Issue-Wise Detailed Analysis:
1. Legality of a Partnership to Carry on Business in Wagering Contracts: The High Court held that the partnership was valid as it was between the two managers of the joint families and not the families themselves. The object of the partnership was to deal in differences, which, although void under Section 30 of the Indian Contract Act as wagers, was not unlawful under Section 23 of the said Act. The Supreme Court confirmed that a wagering contract is void but not illegal, and thus a partnership to carry on such business is not unlawful.
2. Applicability of Section 69(1) of the Partnership Act: The High Court found that the partnership was dissolved after the season was over, and therefore, the suit for accounts of the dissolved firm was not hit by the provisions of subsections (1) and (2) of Section 69 of the Partnership Act. The Supreme Court upheld this finding, stating that Section 42 of the Partnership Act applies, which states that a firm is dissolved by the completion of its undertaking.

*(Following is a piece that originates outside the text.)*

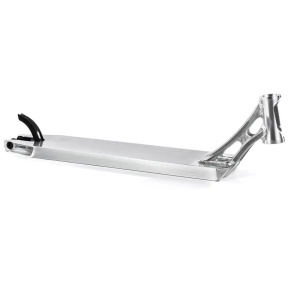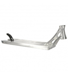 Hmotnost Ethic Erawan V2 desky je totální nesmysl, je to pouhých 1335 gramů! Této váhy se dosáhlo díky tomu že je deska vyráběna z kvalitního a zároveň lehkého hliníku. Deska má rozměry 540 mm na délku, 120 mm na šířku a 360 mm jako footspace. Krk desky je svařovaný ze dvou dílů a je dělaný pro integrované hlavové složení. Deska má konkávnost, takže vám z ní jen tak nesjedou nohy. Do desky se vejdou kolečka o maximálních rozměrech 120x24 mm. Na konci desky je bezpružinková flex fender brzda z kvalitního plastu.

3. Applicability of Section 2, Rule 2 of the Code of Civil Procedure: The learned Subordinate Judge found that the claim in respect of the transactions with Mulchand was not barred under Section 2, Rule 2 of the Code of Civil Procedure, as the cause of action did not arise at the time the earlier suit was filed. The Supreme Court did not find any reason to overturn this finding.
4. Whether the Partnership was Between Two Joint Families or Two Managers: The High Court held that the partnership was between the two managers of the joint families and not the families themselves. The Supreme Court upheld this finding, stating that the partnership was only in respect of forward contracts with two specified individuals and for a particular season.

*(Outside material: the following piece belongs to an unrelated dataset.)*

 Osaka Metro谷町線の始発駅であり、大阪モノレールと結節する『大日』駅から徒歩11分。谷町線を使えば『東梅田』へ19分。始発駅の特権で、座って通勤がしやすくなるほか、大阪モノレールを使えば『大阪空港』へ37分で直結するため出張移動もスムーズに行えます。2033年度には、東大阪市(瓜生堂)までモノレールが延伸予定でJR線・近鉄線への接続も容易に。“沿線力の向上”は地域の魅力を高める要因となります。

5. Whether the Object of the Partnership was Unlawful Under Section 23 of the Contract Act: The Supreme Court analyzed Section 23 of the Contract Act, which states that the object of an agreement is unlawful if it is forbidden by law, immoral, or opposed to public policy. The Court concluded that a wagering contract is void but not illegal and therefore does not fall under the ambit of Section 23. Consequently, the partnership was not unlawful.
6. Whether the Partnership was Opposed to Public Policy: The Supreme Court held that the doctrine of public policy is an illusive concept and should only be invoked in clear and incontestable cases of harm to the public. The Court found that neither the common law of England nor the Indian law recognized any principle of public policy declaring wagering contracts illegal. Therefore, the partnership was not opposed to public policy.
7. Whether the Partnership was Immoral: The Supreme Court confined the concept of immorality under Section 23 of the Contract Act to sexual immorality, as established by precedents. The Court found no basis to extend this concept to wagering contracts. Consequently, the partnership was not considered immoral.
Conclusion: The Supreme Court concluded that the partnership to carry on business in wagering contracts was not unlawful, opposed to public policy, or immoral under the relevant provisions of the Indian Contract Act, the Partnership Act, and the Code of Civil Procedure. The appeal was dismissed with costs.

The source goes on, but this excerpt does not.